This setup gives me enough flexibility as a developer to run and update jobs in the cloud from within my local environment as well as using CI/CD. Another benefit is that if you have PySpark with Glue running locally, you can use that as well!

Terraform part

This is an example of deploying PySpark Job via Terraform, Python Shell job follows the same process with a slight difference (mentioned later).

To create or update the job via Terraform we need to supply several parameters Glue API which Terraform resource requires.
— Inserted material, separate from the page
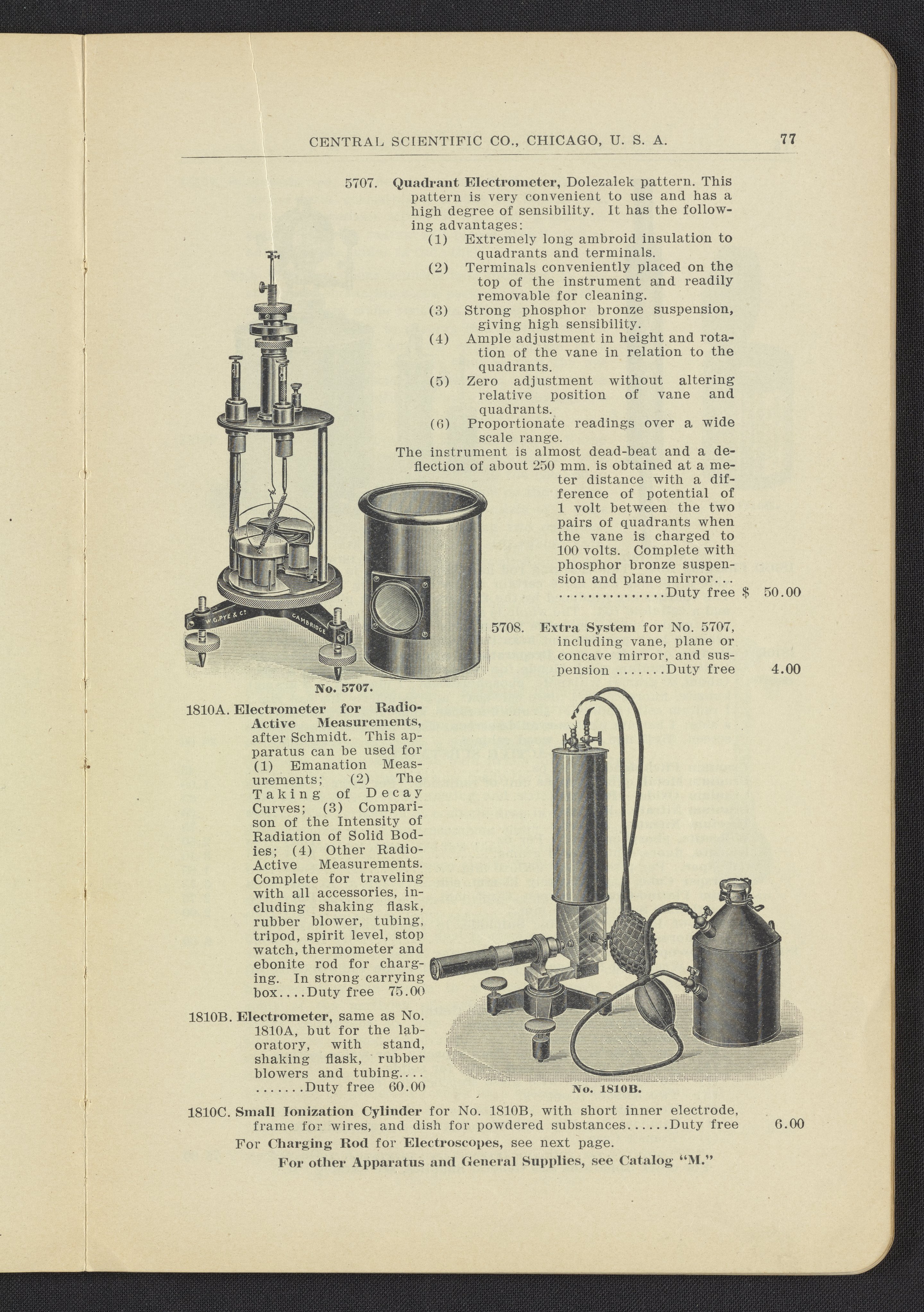 Central Scientific Company. “Electrometers.” Physical Apparatus for Universities and Colleges Manufactured and Imported by Central Scientific Co. Chicago, Illinois: Central Scientific Company, 1912. Q185.7 .C46 1912. Science History Institute. Philadelphia. https://digital.sciencehistory.org/works/idzidwu.

Plus the parameters our job expects.

We need to provide:

Command.ScriptLocation - represented as ds1_raw_to_refined_job_script_location - this is our entrypoint script
DefaultArguments - represented as map ds1_raw_to_refined_job_default_arguments -- this holds the main configuration

Key --extra-py-files in the map ds1_raw_to_refined_job_default_arguments is a comma separated string of S3 urls pointing to our dependencies eg. s3://bucket/dep1.zip,s3://bucket/deb2.zip

All extra dependencies fit in 1 .zip file and once you get the shape of these parameters there is no need to change it.

This brings a potential problem of human oversight, especially with Python Shell jobs. Where dependencies are wheels and by default, wheel name contains a version number numpy-1.19.0-cp36-cp36m-manylinux2010_x86_64.whl.

Then any change in requirements.txt or job arguments also requires a change in Terraform resource which is maintained in a different directory.

I haven't solved this problem during the project but this could be potentially avoided by maintaining a list of dependencies in the S3 bucket in the form of a file which could be generated during the make. And then Terraform would just download this information. However this theoretical the solution can lead to chicken-egg problems and I wish AWS Glue had a better option to maintain dependencies and the job config. Just allowing to use S3 prefix instead of the full URL would be a good start.

The code for the examples in this article can be found in my GitHub repository aws-glue-monorepo-style

AWS Glue first experience - part 3 - Arguments & Logging

Jan Gazda — Fri, 28 Aug 2020 13:28:13 +0000

Challenge number 3: Arguments & Config

Almost every application requires some kind of config or parameters to start with the expected state, AWS Glue applications are no different.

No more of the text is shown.